Brown Loaf


I’m sure that you have all been informed by now that I love baking. If you need confirmation of this statement, please visit any one of my previous posts. There is absolutely no shortage of baking-related posts. 🙂

Oh, on another note, I can only apologise for my lack of published work over the past few weeks. My reason, you might ask? It’s a legitimate one, I swear! In celebration of my 21st birthday, I visited my sister Alex, who lives in Toronto. We also ventured on a road trip to New York. It’s an amazing place. As is Toronto. If I begin talking about them now then I’ll never stop. So I’ll keep it short and sweet. Less talk, more bread.

My plan is to become a baker. To become a successful baker, I need to know everything that there is to know about baking. I need to know every method used in the production of different types of baked goods.

I felt inexperienced in the making of bread, so before I took my holiday, I decided to hone my bread making skills. Fortunately for me, it turned out that there is nothing more satisfying than a soft, light, crusty loaf emerging from the oven, that has been made lovingly with my own hands.

I won’t lie to you. Baking bread takes a slight bit of time and effort, but if you have both to spare and you add some love, you will not be disappointed with the result.

Get kneading and get satisfied. 🙂


  • 400g brown flour
  • 100g strong white bread flour
  • 7g sachet fast action dried yeast
  • 1 1/2 tsp salt
  • 1 tbsp soft butter


Mix the flours, yeast and salt in a large mixing bowl.
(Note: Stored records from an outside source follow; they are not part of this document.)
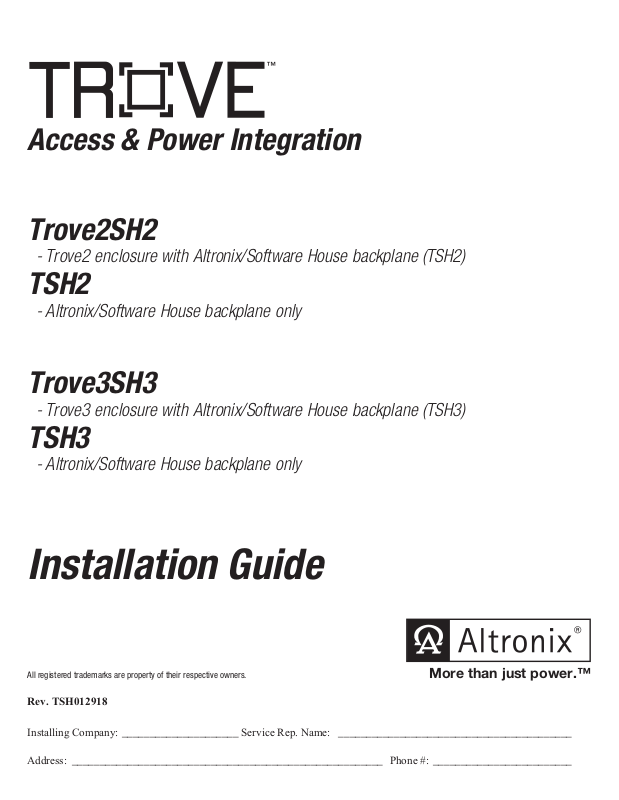 - Trove2 enclosure with Altronix/Software House backplane (TSH2)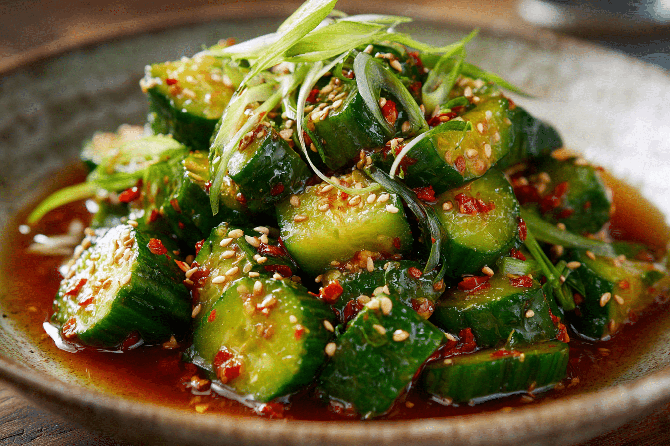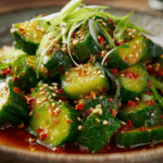 Spicy Asian cucumber salad is a refreshing dish that delivers bold heat and bright flavor in every bite. Crisp cucumbers soak up a savory, tangy dressing infused with garlic, chili, and sesame, creating a balance that feels both cooling and lively at the same time.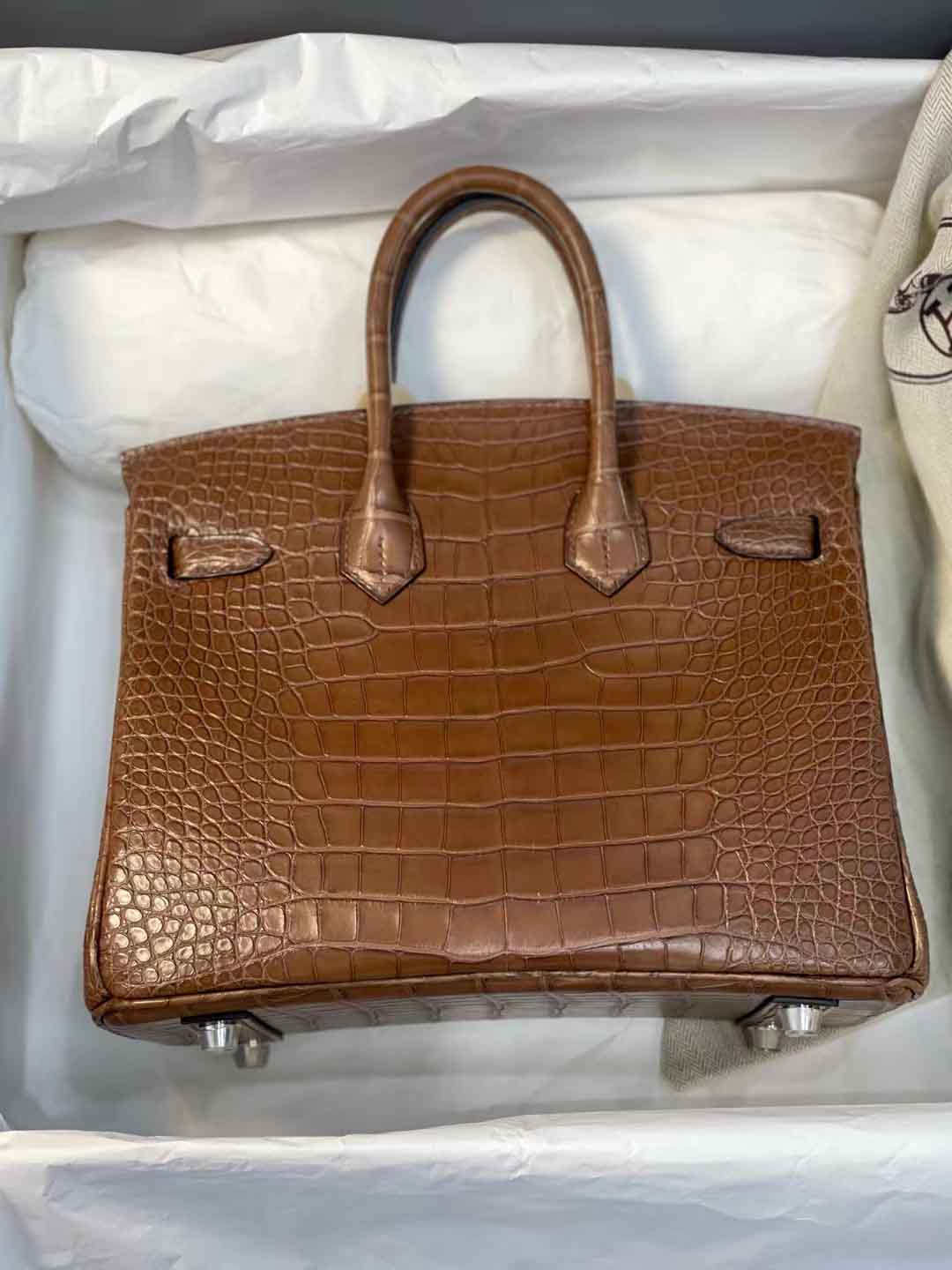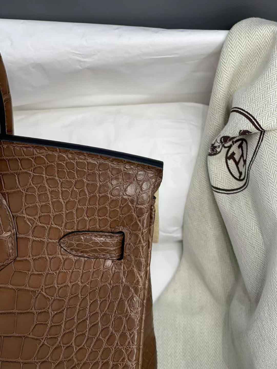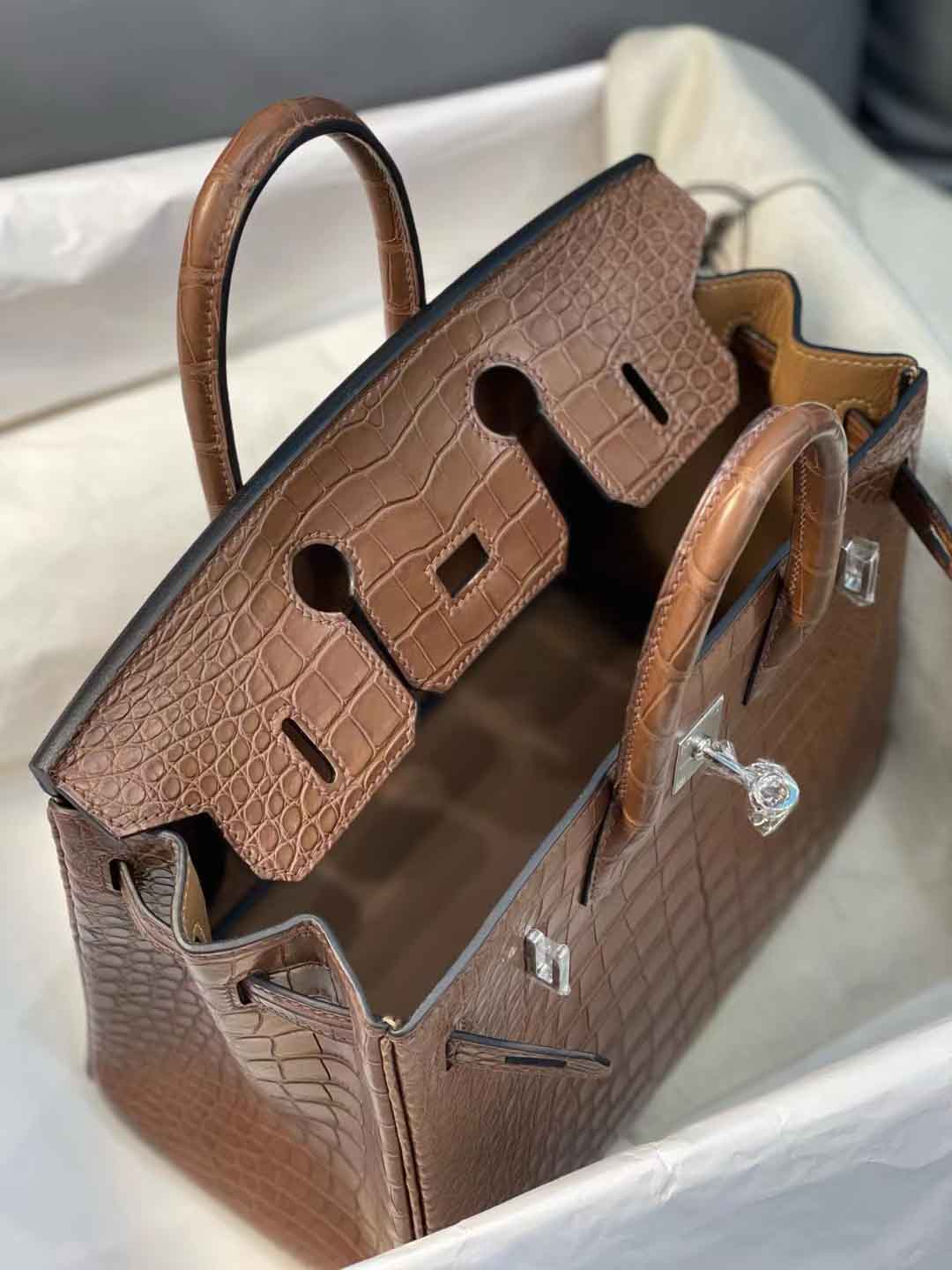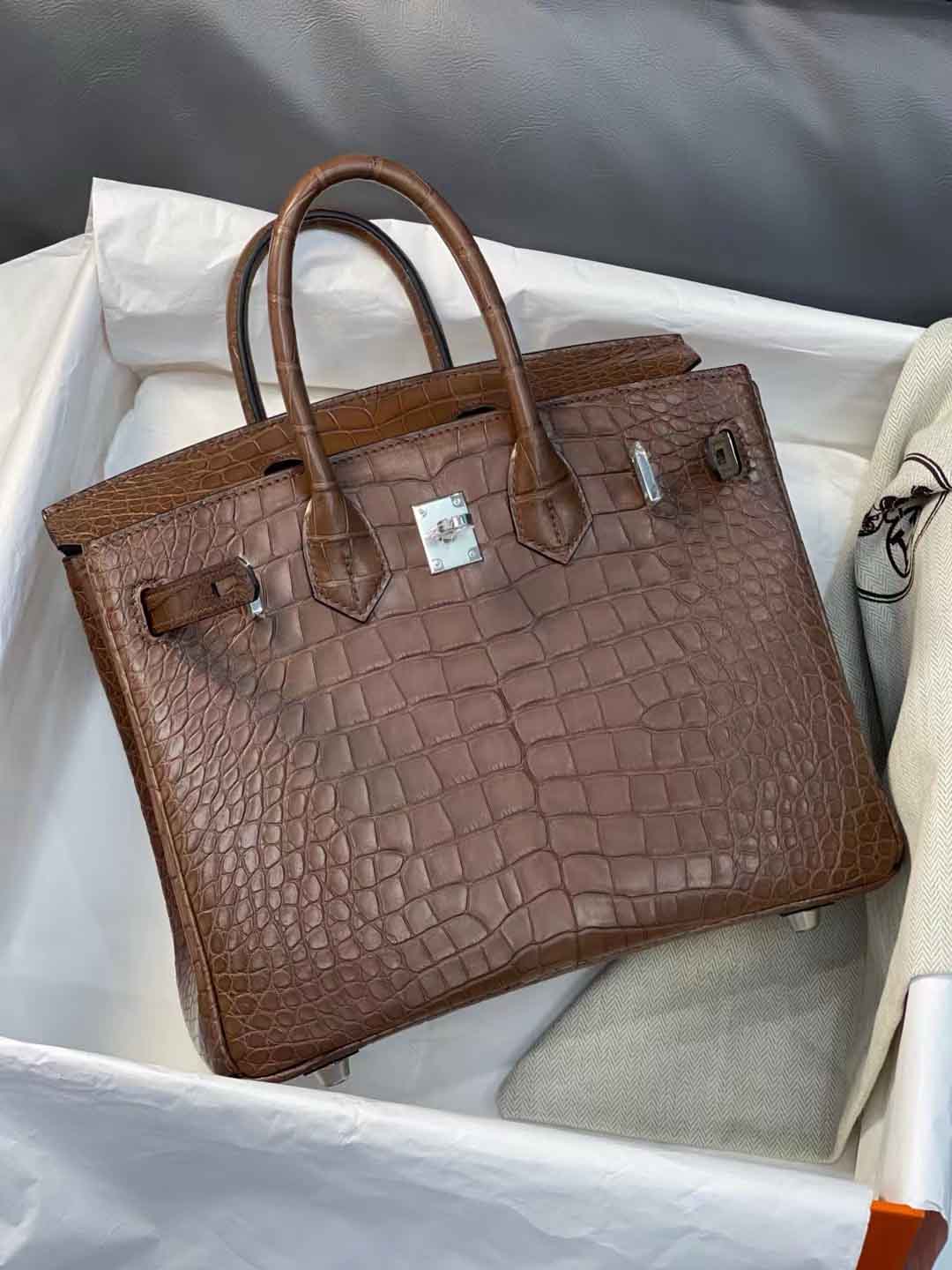 现货Birkin25cm 3G栗子色雾面Hcp 美洲鳄鱼皮,微信联系 95506803

Add the butter, rubbing it into the mixture. Make a well in the centre of the flour and pour in 300ml luke-warm water. Mix with a round-bladed knife until the mixture comes together. Gather into a ball with your hands.

Put the dough on a lightly floured work surface and knead for 8-10 minutes, until the dough has a smooth and elastic feel. Shape the dough into a ball, place on a lightly floured work surface and cover with a large glass bowl. Leave for approximately 1 hour or until the dough has doubled in size.

Knock back the dough by kneading 3-4 times. Don’t handle the dough too much or it will lose its lightness. Shape the dough into a ball. Cover with the glass bowl and leave for 15 minutes.

Grease a loaf tin, lining the base with baking paper. Using your knuckles, flatten the dough into a rectangle about 25cm x 19cm. Fold both shorter ends into the centre like an envelope, make a 1/4 turn, flatten again into a rectangle and roll up very tightly, starting from one of the short ends. Place in the tin with the join underneath. Cover with a clean tea towel. Leave for 40-45 minutes or until the dough has risen about 5cm above the top of the tin.


Put a roasting tin in the bottom of the oven 20 minutes before the dough is ready to bake and heat the oven to 230C/210C fan/gas 8. Put the risen bread in the oven, carefully pouring 250ml cold water into the roasting tin, which will hiss and create a burst of steam to give you a crisp crust. Lower the heat to 220C/200C Fan/gas 7. Bake for approximately 30 minutes or until golden.Leave in the tin for 2-3 minutes, then remove and cool on a wire rack. If you tap the base of the baked loaf it should be firm and sound hollow.